Russian forces have advanced 278 square kilometres in their week-old offensive in Ukraine’s northeastern Kharkiv region and in the south, their biggest gains in a year-and-a-half, AFP has calculated using data from the Institute for the Study of War (ISW).
Between May 9 and 15, Moscow’s military gained 257 square kilometres (99 square miles) of territory in the Kharkiv area and 21 square kilometres in other areas, including the prized southern village of Robotyne which Ukraine had recaptured last year.
They represent Russia’s biggest gains since mid-December 2022 when it advanced in the Lugansk region after major setbacks around Kharkiv and in the south.
Since the start of 2024, Russian forces have taken around 800 square kilometres of Ukrainian territory — more than the around 600 square kilometres gained in all of 2023.
The changes to the front line, which had barely budged in over a year, remain limited however, with Russia’s gains accounting for less than one percent of the Ukrainian territory under Moscow’s control.
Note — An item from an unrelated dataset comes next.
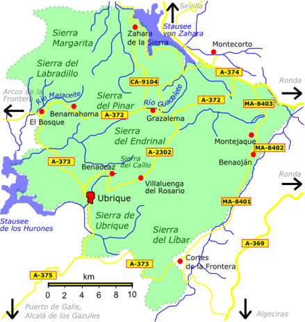 map of natural park Sierra de Grazalema, Andalusia, Spain
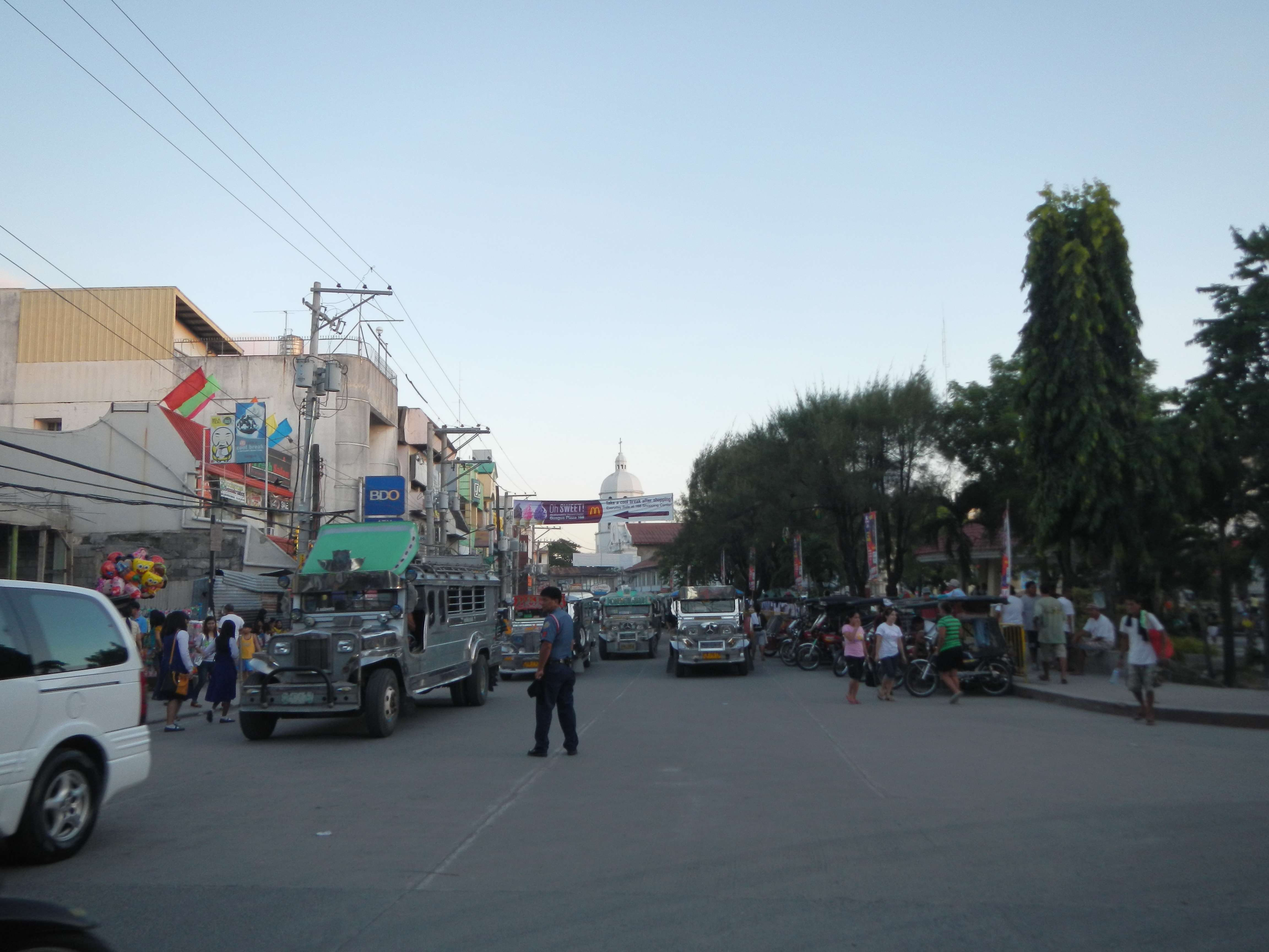 Guagua, Pampanga[1]

But Russia’s new push on two fronts marks the biggest change to the front line since mid-December 2022, when Russian forces advanced more than 350 square kilometres in the Lugansk region after being routed from the southern city of Kherson and from the approaches to Kharkiv, Ukraine’s second-biggest city.
Since the start of the war on February 24, 2022, Russia has captured 65,336 square kilometres of Ukrainian territory, representing nearly 12 percent of Ukraine’s surface area, excluding the Crimean peninsula which Moscow annexed in 2014.
AFP’s calculations are based on files published daily by the US-based ISW, which produces data based on information published by both parties to the war as well as on satellite images of Ukraine.